YOUR INSTRUCTIONS:
Retype only the lines running from the beginning of the entries below to the line with "3 viking acting", both included. Do not include pictures.

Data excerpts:
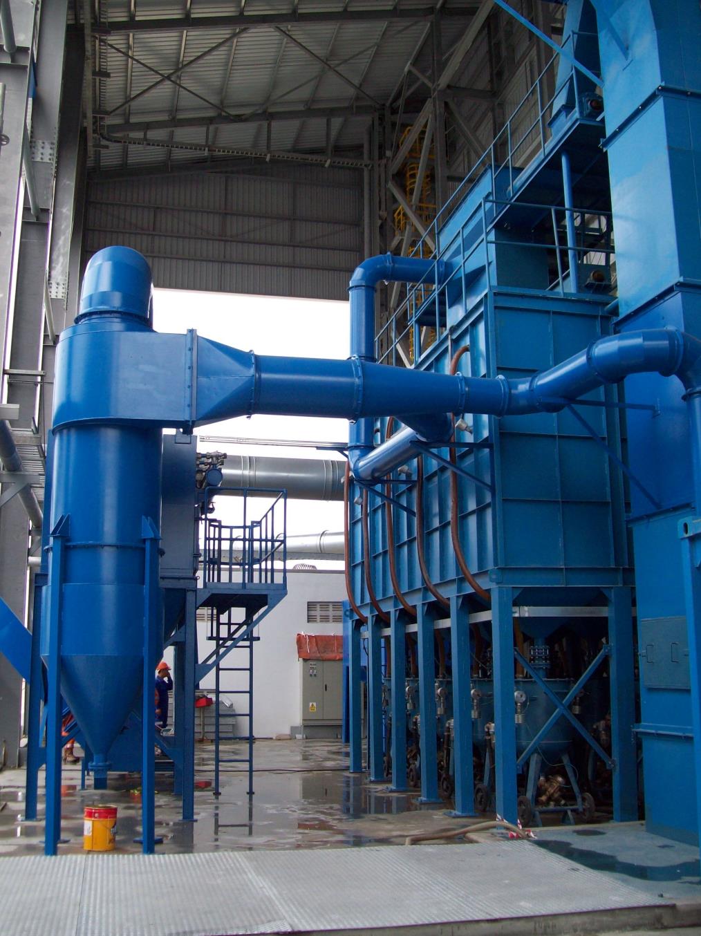 噴砂房左右兩側各配有一臺電動工作小車,方便操作員噴砂作業(yè),整個噴砂房內襯耐磨損、降噪音的橡膠襯板,兩套濾筒式除塵器用于整個噴砂房的通風與除塵,粉塵含量小于60mg/m3。一套自動丸料風選和篩選裝置可將過大或過小的廢料從介質中分選出來,落入現(xiàn)場的回收廢料儲料斗,配有自動丸料風選振動篩。同時提供作業(yè)員保護裝置,包括操作人員保護頭盔、連體防砂衣和噴砂手套、呼吸過濾器和呼吸調溫器,最大限度地保障操作人員安全、健康的工作環(huán)境。
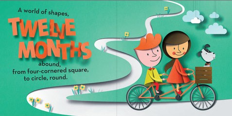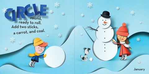 Months and shapes are paired together in Susan B. Katz’s “All Year Round.” Her text is paired with debut illustrator Eiko Ojala’s charming cut-paper artwork. The simple text and colorful illustrations work in harmony. For example: January’s text, “Circle round, ready to roll. Add two sticks, a carrot and coal” is accompanied by an image of two children and a puppy building a snowman.
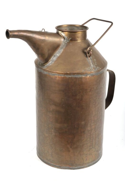 BeschrijvingKan met een lange tuit en twee handvaten: een beweegbaar handvat en een dat vastzit aan de achterkant van de kan. Achteraan werd er een klein rond plaatje vastgemaakt waarop '10 L' staat.
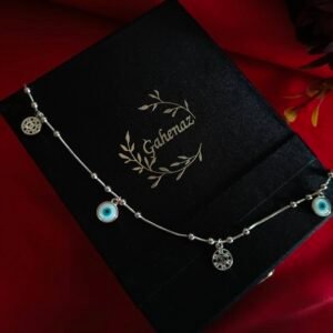 Delicately handcrafted, this silver evil eye anklet blends timeless elegance with protective charm. Featuring a sleek silver chain adorned with a striking evil eye motif, it’s a perfect fusion of mystique and minimalism. Whether layered with other anklets or worn alone, this piece adds a subtle shimmer and spiritual symbolism to every step you take.
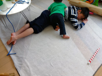 帰宅後すぐに昼寝をさせる、というか立ち上がれない。
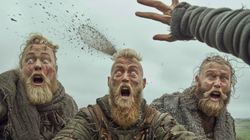 3 viking acting shocked and curious and dumb, they are looking directly at the camera, an old womans hand sweeping across the frame striking each viking, one has abrown beard, one a blond beard the otehr has none, the sky is overcast behind them, in slow motion so their faces are being pushed and it looks funny, their mouths out of wack, so spit flying, we only see her arm that is covered in grey wool --no text --ar 16:9 --style raw --v 6.0
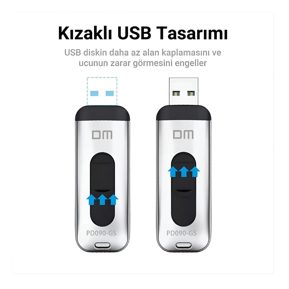 DM PD090 USB 3.0 Alüminyum 64GB Flash Bellek, günümüz USB belleklerinin aksine yüksek hız performansının yanında çinko alaşım bir gövde ile üretilmektedir. Bu sayede darbelere karşı yüksek dayanıklılık sağlayarak verilerinizi en iyi şekilde koruyabilir. Kızaklı yapısı USB çıkış ucunu kullanılmadığı zamanlarda içeri çekerek korur. Yüksek veri aktarım kapasitesi sayesinde 45MB/s yazma ve 150MB/s okuma hızlarına ulaşabilmektedir. Farklı kapasite seçenekleri ile dosyalarınızı boyut sorunu yaşamadan yedekleyebilir veya farklı bir yere aktarırken rahatlıkla yanınızda taşıyabilirsiniz.
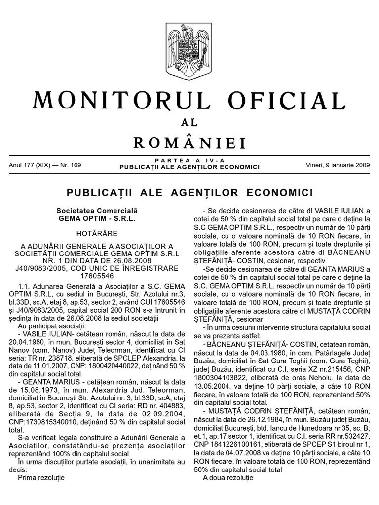 Monitorul Oficial Partea A Iv A Acte Ale Societăților Comerciale Monitoruloficial Ro
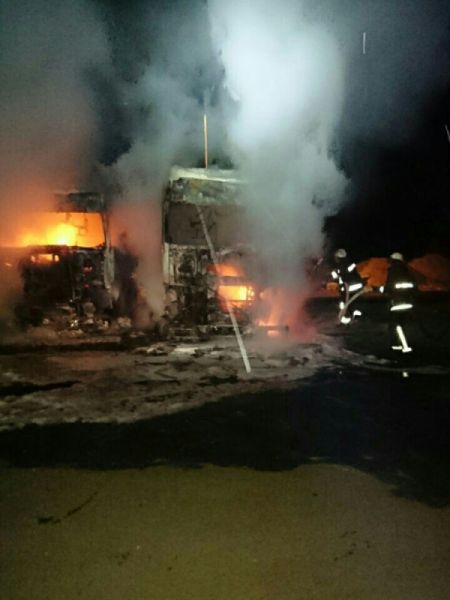 По указанному адресу выехали отделения 3 и 4 Государственных пожарно-спасательных по охране Ингульского и Заводского районов. По прибытию установлено, что горят кабины автомобилей и существует угроза опрокидывания огня на салоны. Спасательными подразделениями подано пенные стволы на тушение пожара, в 2:36 локализовано ее и в 2:49 полностью ликвидирован на общей площади 20 кв.м. Силами пожарных спасено от уничтожения полуприцепы грузовых автомобилей. К тушению привлекались 2 единицы техники и 5 человек личного состава.
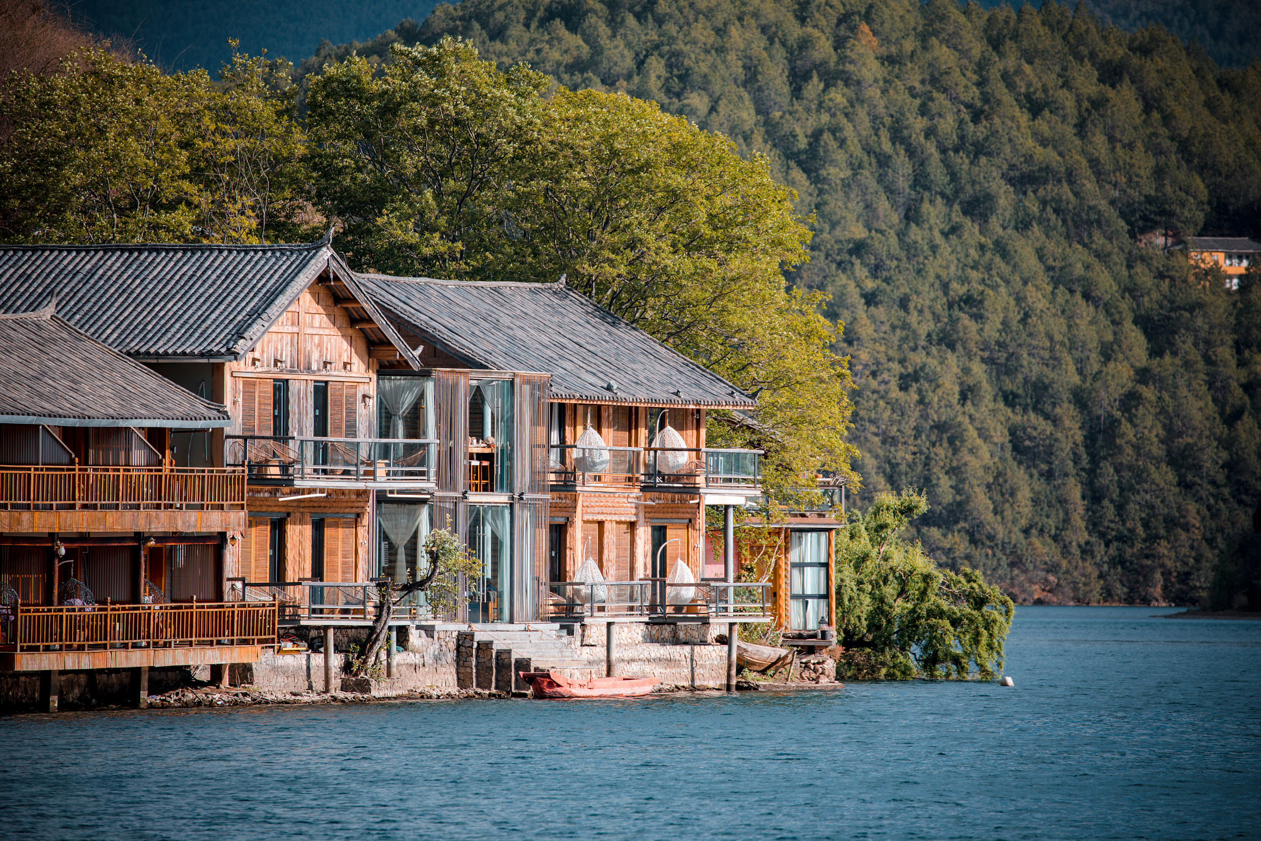 这一次,泸沽湖给我最大的惊喜是多了许多漂亮的民宿。此行我选了四个在泸沽湖很出名的民宿入住,既有在云南的,也有在四川的。让我没想到的是,第一个民宿就让人非常满意,连续住了五天。这些民宿都很有设计感,尤其是临湖的巨大落地窗,让人从日出到日暮都可随时欣赏到泸沽湖不同角度的美。

RESULT FOR THIS TASK:
 噴砂房左右兩側各配有一臺電動工作小車,方便操作員噴砂作業(yè),整個噴砂房內襯耐磨損、降噪音的橡膠襯板,兩套濾筒式除塵器用于整個噴砂房的通風與除塵,粉塵含量小于60mg/m3。一套自動丸料風選和篩選裝置可將過大或過小的廢料從介質中分選出來,落入現(xiàn)場的回收廢料儲料斗,配有自動丸料風選振動篩。同時提供作業(yè)員保護裝置,包括操作人員保護頭盔、連體防砂衣和噴砂手套、呼吸過濾器和呼吸調溫器,最大限度地保障操作人員安全、健康的工作環(huán)境。
 Months and shapes are paired together in Susan B. Katz’s “All Year Round.” Her text is paired with debut illustrator Eiko Ojala’s charming cut-paper artwork. The simple text and colorful illustrations work in harmony. For example: January’s text, “Circle round, ready to roll. Add two sticks, a carrot and coal” is accompanied by an image of two children and a puppy building a snowman.
 BeschrijvingKan met een lange tuit en twee handvaten: een beweegbaar handvat en een dat vastzit aan de achterkant van de kan. Achteraan werd er een klein rond plaatje vastgemaakt waarop '10 L' staat.
 Delicately handcrafted, this silver evil eye anklet blends timeless elegance with protective charm. Featuring a sleek silver chain adorned with a striking evil eye motif, it’s a perfect fusion of mystique and minimalism. Whether layered with other anklets or worn alone, this piece adds a subtle shimmer and spiritual symbolism to every step you take.
 帰宅後すぐに昼寝をさせる、というか立ち上がれない。
 3 viking acting shocked and curious and dumb, they are looking directly at the camera, an old womans hand sweeping across the frame striking each viking, one has abrown beard, one a blond beard the otehr has none, the sky is overcast behind them, in slow motion so their faces are being pushed and it looks funny, their mouths out of wack, so spit flying, we only see her arm that is covered in grey wool --no text --ar 16:9 --style raw --v 6.0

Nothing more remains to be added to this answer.